Is Netflix Using Kubernetes? The Real Story Behind Their Infrastructure
I get asked this question constantly. "Is Netflix using Kubernetes?" It comes up in every consulting engagement, every conference Q&A, every Reddit thread where someone's trying to justify their cloud spend to a skeptical CTO.
Here's the short answer: Netflix does not use Kubernetes for their core streaming infrastructure. They built their own custom container management system called Titus.
But that's not the whole story. And the whole story matters more than the headline.
Netflix does use Kubernetes in some places — but not the way you'd expect. They run it for internal tools, machine learning workloads, and experimental services. Their core playback pipeline, the system that delivers Stranger Things to your living room? That's all custom.
I've spent years building data infrastructure at SIVARO. I've watched teams burn millions on Kubernetes clusters they didn't need. And I've watched other teams drown trying to replicate Netflix's architecture without Netflix's engineering capacity.
Let me walk you through what Netflix actually runs, why they made those choices, and — more importantly — what you should learn from it.
What Does Kubernetes Actually Do?
Before we get deeper into Netflix, let's be brutally honest about what is kubernetes?
Kubernetes is a container orchestrator. That's it. It schedules containers across machines, handles networking, manages service discovery, and tries to keep your apps running when things break.
But here's what most people miss: Kubernetes doesn't solve business problems. It solves operational problems. It's a tool for managing complexity you've already created, not a magic wand that simplifies your architecture.
What exactly is kubernetes used for? In practice? Running microservices at scale. CI/CD pipelines. Batch processing. Machine learning training jobs. Database management (with operators).
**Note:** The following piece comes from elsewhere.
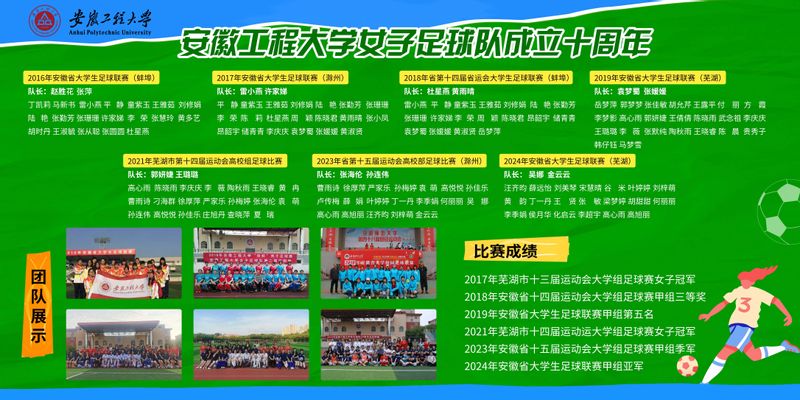 据悉,自2015年建队以来,我校女子足球队以坚韧不拔的毅力完成从白手起家到省内劲旅的蜕变。十年磨一剑,球队在省市级赛事中镌刻下璀璨勋章,先后荣获芜湖市第十三届运动会大学组女足桂冠、安徽省第十四届运动会大学组足球赛甲组三等奖、安徽省大学生足球联赛甲组五强、安徽省第十五届运动会季军与芜湖市第十四届运动会冠军双料荣誉、安徽省校园足球联赛(大学)甲组亚军。

And — increasingly — stateful workloads that previously required dedicated infrastructure.
The question isn't "can you run it on Kubernetes?" The question is "should you?"
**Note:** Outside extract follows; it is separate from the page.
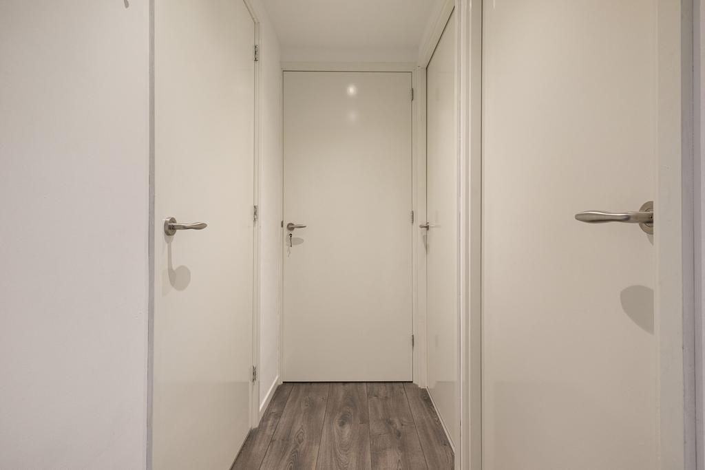 De centraal gelegen hal geeft je toegang tot de overige vertrekken: 2 slaapkamers, een kast voor opbergruimte en een multifunctionele ruimte die door de huidige eigenaren wordt gebruikt als inloopkast, wasruimte en cv-ruimte. De moderne badkamer is in lichte kleurstelling en voorzien van een inloopdouche en wastafelmeubel.

Netflix answered that question with a clear "no" for their core platform.
Netflix's Real Container Story
Netflix built Titus in 2016. It's their internal container management platform. It runs on top of AWS EC2, handles their streaming pipelines, their encoding jobs, their CDN management, and their chaos engineering experiments.
Why didn't they use Kubernetes? Kubernetes didn't exist yet (well, it did, but v1.0 launched in July 2015 — way too immature for Netflix's scale).
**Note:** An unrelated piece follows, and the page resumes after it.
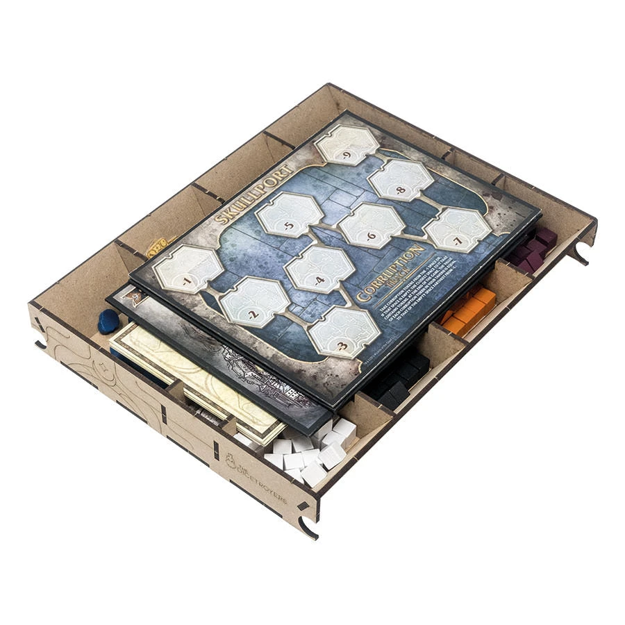 Organizer compatible with Lords of Waterdeep (base game or with Scoundrels of Skullport exp). This organizer is suitable alternatively for just the base game or base game + expansion.

By the time Kubernetes became production-ready, Netflix already had Titus handling millions of containers per day. The migration cost wasn't worth the benefit.
But here's the part nobody talks about: Netflix runs Kubernetes too. Their machine learning platform uses Kubernetes. Their experimentation platform uses Kubernetes. Their internal developer tools use Kubernetes.
Is kubernetes the same as aws? No. Kubernetes is a platform for running containers. AWS is a cloud provider that offers compute, storage, and networking. Kubernetes runs on AWS (through EKS or self-managed). But Netflix's core infrastructure isn't on Kubernetes because they didn't need the abstraction layer Kubernetes provides — they needed deep AWS integration.
Why People Are Moving Away From Kubernetes
I've seen the trend. Everyone's asking why are people moving away from kubernetes? The answer isn't simple, but it's real.
Complexity costs. Ona left Kubernetes because they couldn't justify the operational overhead for their team size. They had 20 engineers running 10 microservices. Kubernetes made everything harder, not easier.
Cost surprises. Kubernetes control plane costs add up. ETCD storage. Load balancers. Monitoring infrastructure. You can burn $500/month on a cluster that handles 3 containers.
Skill scarcity. Good Kubernetes admins are expensive. And rare. Most "Kubernetes experts" can spin up a cluster and deploy an app — they can't debug a flaky scheduler or tune network policies for production throughput.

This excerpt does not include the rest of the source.